Immortal Meals 11#: Feasts at Hambledon Hill January 13, 2013Posted by Beachcombing in : Prehistoric , trackback
Another from the Immortal Meal series: this time beef steak on Hambledon Hill in Dorset (UK) c. 5000 years ago as a warm September evening is resolving itself. Hambledon Hill, for those who had not had the pleasure, is an extraordinary Iron Age hill fort on the edge of the upland region of western England. It is not particularly beautiful, it is not scenic. The place has, however, charisma. Let’s leave it at that and move onto the menu.
Long before the Iron Age fort was built Hambledon Hill had been a gathering place for local populations in the transition between hunter-gathering and farming. We know this because three barrows were put on the heights containing the bones of the various communities that lived in the locality in the Neolithic period. Around these were dug a series of pits – ‘causewayed enclosures’ – which contained within them the remains of meals and human skulls (below). So much for the game pieces, how do we put these on the board?
Archaeologists know very little at the best of times, and in the case of Neolithic communities they know very very little. It is only right then to be modest about the interpretations for HH. However, there is a broad consensus that Hambledon Hill was not a Neolithic settlement, but rather, as many sites with causewayed enclosures, an occasional meeting place for clans from the surrounding plain. It was certainly a place where bodies were lain out to be defleshed by the elements and wild beasts and birds: there may even have been a defleshing platform.
Bodies were carefully defleshed before bones were placed in the barrows. There have even been mutterings about cannibalism. Certainly, those who came here to feast were violent if violence and cannibalism need be tied together. Of the skulls examined by archaeologists from the site several had potentially fatal head blows near the left temple, the classic ‘clue’ for injuries picked up in hand to hand combat. Interestingly women were as likely to have these wounds as men and women’s bones were treated, apparently, with special care. Along with ‘cannibalism’ there has even been muttering of ‘matriarchy’!

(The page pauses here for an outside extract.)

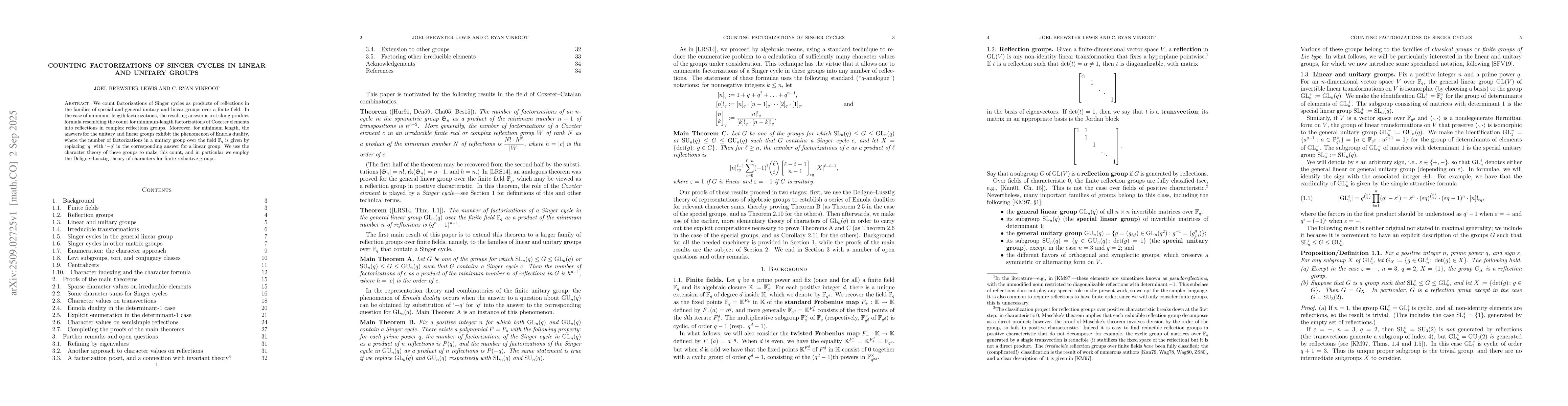 We count factorizations of Singer cycles as products of reflections in the families of special and general unitary and linear groups over a finite field. In the case of minimum-length factorizations, the resulting answer is a striking product formula resembling the count for minimum-length factorizations of Coxeter elements into reflections in complex reflections groups. Moreover, for minimum length, the answers for the unitary and linear groups exhibit the phenomenon of Ennola duality, where the number of factorizations in a unitary group over the field $\mathbb{F}_q$ is given by replacing `$q$' with `$-q$' in the corresponding answer for a linear group. We use the character theory of these groups to make this count, and in particular we employ the Deligne--Lusztig theory of characters for finite reductive groups.

The pits near the barrows were dug and filled, dug and filled repeatedly with earth and animal and sometimes human bones. It has been suggested that clans came here to feast and then dug any leftovers into the pits in, to judge by the age of the killed animals, in late summer and early autumn. Would it be too much to imagine a pit per clan: the human skulls found towards the base might have been ancestral figures or an original sacrifice? Fish were not eaten to judge by the isotope readings in human bones: given the amount of fresh water in the area it sounds like this was a we-are-not-like-you taboo.
The animal bones were typically from domesticated cows – this was a community that had begun the Neolithic Revolution – but there were also red deer and other wild beasts. Cow bones were treated like human bones with a certain decorum: were cows part of the family then? In pottery from the site there was also evidence of dairy products: often taken as a marker of advanced agriculture, the so-called secondary products revolution. The pits then were the repository for the food eaten and given the proximity of the funeral barrows perhaps we should imagine the food placed into the pit, repeatedly, for the ancestors to gourge themselves on.
So why would Beachcombing like to go back and sit around this fire and chew on some calf brain with Neolithic Dorseters? Well, we do not have here the earliest Britons. But they are the earliest with character. The refusal to eat fish, the violent duels, the prominence of women, the elaborate care of the dead, the affection for the cows they ate… These are not just bones in the earth. Finally, we have people.
Beach is always on the look out for immortal meals: drbeachcombing AT yahoo DOT com
22 Jan 2013: Aldous Huxley writes: What you talk about is very similar to the suppositions put down in Stonehenge: Where Atlantis Died by Harry Harrison and Leon Stover.The plot tied together suppositions of Myceneans mining tin in Cornwall in their struggle with Atlantis which sourced its tin from the Black Sea area….but the majority of the action takes place around Stonehenge and the culture there. Harrison and Stover posited that the henges were gathering places for Autumn feasting, politics and burying the dead, and posited a culture around personal combat and herding and dairying. They do state that they used a lot of the particulars from Irish hero tales, but they do support the conclusions on the archeology of the time (1970′s) I recommend it as a fun read. Harrison makes it readable, Stover makes it plausible…well, up to the eruption of Santorini, but even that made a pretty good plot element. Thanks Aldous!